◆ TASK INSTRUCTIONS ◆
Find the line with "六神装推荐:秘法之靴+痛苦面具+辉月+博学者之怒+冰霜法杖+虚无法杖" in the entries below, then output every line from it down to the line with "A legdrágább cumi", exactly and with no pictures.

◆ SOURCE DATA ◆
^^^^^^^^^^^^^^^^
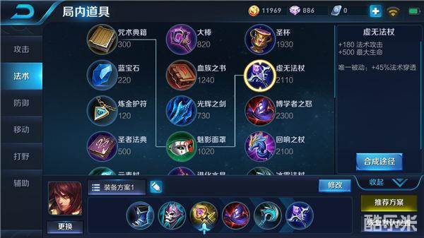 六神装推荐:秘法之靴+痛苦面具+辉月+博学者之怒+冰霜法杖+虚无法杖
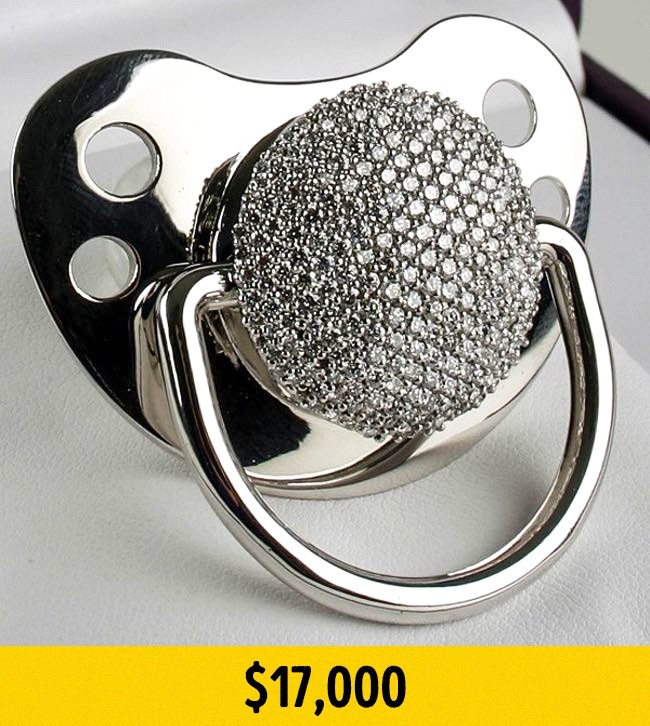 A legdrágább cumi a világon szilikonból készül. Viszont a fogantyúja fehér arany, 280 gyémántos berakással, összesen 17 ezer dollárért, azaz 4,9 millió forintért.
^^^^^^^^^^^^^^^^
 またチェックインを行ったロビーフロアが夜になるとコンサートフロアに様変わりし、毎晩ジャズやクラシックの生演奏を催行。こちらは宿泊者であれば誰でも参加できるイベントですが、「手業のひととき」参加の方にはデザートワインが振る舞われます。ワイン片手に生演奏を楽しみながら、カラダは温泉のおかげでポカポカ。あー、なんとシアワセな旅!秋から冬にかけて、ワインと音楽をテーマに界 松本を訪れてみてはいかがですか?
^^^^^^^^^^^^^^^^
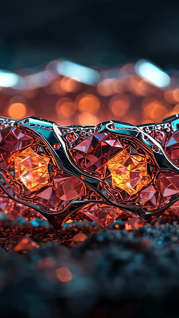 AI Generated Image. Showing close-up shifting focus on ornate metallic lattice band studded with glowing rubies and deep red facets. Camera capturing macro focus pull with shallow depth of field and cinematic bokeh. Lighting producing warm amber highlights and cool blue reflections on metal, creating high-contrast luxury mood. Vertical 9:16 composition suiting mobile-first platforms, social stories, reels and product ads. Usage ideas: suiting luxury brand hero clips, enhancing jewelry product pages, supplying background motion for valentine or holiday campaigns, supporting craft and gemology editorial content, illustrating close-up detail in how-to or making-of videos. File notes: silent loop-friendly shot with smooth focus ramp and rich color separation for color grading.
^^^^^^^^^^^^^^^^
◆ ANSWER BOX ◆
 六神装推荐:秘法之靴+痛苦面具+辉月+博学者之怒+冰霜法杖+虚无法杖
 A legdrágább cumi a világon szilikonból készül. Viszont a fogantyúja fehér arany, 280 gyémántos berakással, összesen 17 ezer dollárért, azaz 4,9 millió forintért.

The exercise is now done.